Bava Batra (also Baba Batra; Talmudic Aramaic: בבא בתרא "The Last Gate") is the third of the three tractates in the Talmud in the order Nezikin; it deals with a person's responsibilities and rights as the owner of property. It is part of Judaism's oral law. Originally it, together with Bava Kamma and Bava Metzia, formed a single tractate called Nezikin (torts or injuries).
This "massekhta" (treatise) is not, like Bava Kamma and Bava Metzia, the exposition of a certain passage in the Torah. It is divided into ten chapters, the contents of which may be described as follows: (1) Regulations relating to property held by more than one owner (ch. i.); (2) responsibilities of an owner of property with regard to that of his neighbor (ch. ii.); (3) established rights of ownership and rights connected with property (ch. iii.); (4) laws referring to the acquisition of property by purchase (ch. iv.-vii.); (5) laws of inheritance (ch. viii.-ix.); (6) laws concerning documents (ch. x.).
It consists of 176 pages (dapim), making it the longest tractate of the Talmud.
1. Joint owners of property may dissolve a partnership and divide the property, if the parties consent, except in the case regarding a volume of the Scriptures, which may not be divided under any circumstances (literally, torn in half). Things which lose their value on division can only be divided if all the owners consent. Except in these cases, either party has a right to insist on a division of the property. In the case where a courtyard ("ḥaẓer") is owned by several partners, each of them has to contribute to the usual requirements of a court; if they divide it, a partition wall or fence must be erected in accordance with certain rules. The previous partners are now neighbors; and their relations are described in chap. ii.
A courtyard less than 8 amot (approx. 18 inches x 8 = 144 inches) can only be divided if both partners agree to the division. Depending on how the Mishnah is read, this division is either with a low row of wooden pegs (which shows that visual trespass is not damaging) or a four amot (approx. 72 inches) high stone wall (which shows that visual trespass is considered damaging).
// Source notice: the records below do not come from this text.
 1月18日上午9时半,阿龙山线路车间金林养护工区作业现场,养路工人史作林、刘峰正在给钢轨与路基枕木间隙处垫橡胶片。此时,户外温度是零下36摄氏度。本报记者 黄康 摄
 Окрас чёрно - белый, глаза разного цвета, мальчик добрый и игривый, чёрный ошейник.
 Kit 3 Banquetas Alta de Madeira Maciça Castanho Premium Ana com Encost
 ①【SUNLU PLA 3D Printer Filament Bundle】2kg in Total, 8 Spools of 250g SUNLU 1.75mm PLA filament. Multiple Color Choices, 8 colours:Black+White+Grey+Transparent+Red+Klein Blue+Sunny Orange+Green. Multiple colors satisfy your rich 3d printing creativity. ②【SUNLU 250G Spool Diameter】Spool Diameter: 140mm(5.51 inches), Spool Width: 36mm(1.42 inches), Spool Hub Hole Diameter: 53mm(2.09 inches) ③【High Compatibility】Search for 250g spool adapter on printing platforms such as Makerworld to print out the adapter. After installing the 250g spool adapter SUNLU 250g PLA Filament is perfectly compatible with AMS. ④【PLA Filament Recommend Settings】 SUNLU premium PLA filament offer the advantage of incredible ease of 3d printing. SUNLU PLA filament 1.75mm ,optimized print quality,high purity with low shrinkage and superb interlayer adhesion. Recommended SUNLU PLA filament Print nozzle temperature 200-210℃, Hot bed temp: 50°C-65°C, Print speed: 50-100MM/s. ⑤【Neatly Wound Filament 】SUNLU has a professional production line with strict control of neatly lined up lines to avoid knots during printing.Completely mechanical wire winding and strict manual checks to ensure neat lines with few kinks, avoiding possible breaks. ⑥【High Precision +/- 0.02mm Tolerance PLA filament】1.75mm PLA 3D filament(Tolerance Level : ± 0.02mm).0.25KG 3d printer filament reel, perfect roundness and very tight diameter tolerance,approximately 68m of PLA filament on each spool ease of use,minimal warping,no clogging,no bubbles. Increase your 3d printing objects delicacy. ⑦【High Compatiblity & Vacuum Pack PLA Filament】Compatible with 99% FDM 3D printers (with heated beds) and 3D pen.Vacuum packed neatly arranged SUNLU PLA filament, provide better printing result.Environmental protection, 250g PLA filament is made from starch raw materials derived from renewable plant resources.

If both partners agree to the stone wall, it is built in the middle. The lesson taught here is that if one partner owns more property, he does not need to contribute more space for the stones of the wall.
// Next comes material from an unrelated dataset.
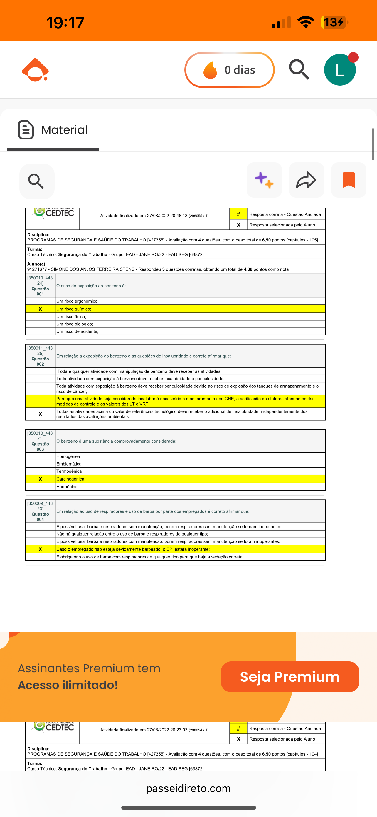 19:17 134 0 dias L Material CEDTEC Atividade finalizada em 27/08/2022 20:46:13 (298055 # Resposta correta Questão Anulada X Resposta selecionada pelo Aluno Disciplina: PROGRAMAS DE SEGURANÇA E SAÚDE DO TRABALHO [427355] Avaliação com 4 questões, com O peso total de 6,50 pontos [capítulos 105] Turma: Curso Técnico: Segurança do Trabalho Grupo: EAD JANEIRO/22 EAD SEG [63872] Aluno(a): 91271677 SIMONE DOS ANJOS FERREIRA STENS Respondeu 3 questões corretas, obtendo um total de 4,88 pontos como nota 24] risco de exposição ao benzeno é: Questão 001 Um risco ergonômico. Um risco Um risco Um risco biológico; Um risco de [350011 448 25] Em relação a exposição ao benzeno e as questões de insalubridade é correto afirmar que: Questão 002 Toda e qualquer atividade com manipulação de benzeno deve receber as Toda atividade com exposição à benzeno deve receber insalubridade e periculosidade. Toda atividade com exposição à benzeno deve receber periculosidade devido ao risco de explosão dos tanques de armazenamento e risco de câncer; Para que uma atividade seja considerada insalubre é necessário monitoramento dos GHE, a verificação dos fatores atenuantes das medidas de controle e os valores dos LT VRT X Todas as atividades acima do valor de referências tecnológico deve receber adicional de insalubridade, independentemente dos resultados das avaliações ambientais. [350010_448 21] benzeno é uma substância comprovadamente considerada: Questão 003 Homogênea Emblemática Termogênica X Carcinogênica Harmônica 23] Em relação ao uso de respiradores e uso de barba por parte dos empregados é correto afirmar que: Questão 004 É possível usar barba e respiradores sem manutenção, respiradores com manutenção se tornam inoperantes; Não há qualquer relação entre O uso de barba e respiradores de qualquer tipo; possível usar barba e respiradores com manutenção, respiradores sem manutenção se toram inoperantes; X Caso empregado não esteja devidamente barbeado, EPI estará inoperante; É obrigatório uso de barba com respiradores de qualquer tipo para que haja a vedação correta. Assinantes Premium tem Acesso ilimitado! Seja Premium CEDTEC Atividade finalizada em 27/08/2022 20:23:03 (298054 1) # Resposta correta Questão Anulada X Resposta selecionada pelo Aluno Disciplina: PROGRAMAS DE SEGURANÇA E SAÚDE DO TRABALHO [427355] Avaliação com 4 questões, com peso total de 6,50 pontos [capítulos 104] Turma: Curso Técnico: Segurança do Trabalho Grupo: EAD JANEIRO/22 EAD SEG [63872] passeidireto.com

2. The fundamental rule about neighboring property is that the owner of the adjoining property must avoid everything that might prove a nuisance to the neighbor, or become a source of injury to the neighbor's property. "The noise of a smith's hammer, of a mill, or of children in school, is not to be considered a nuisance" (ii. 3). Disputes as regards to injury or nuisance are generally settled by the fact of prior or established rights (Ḥazaḳah).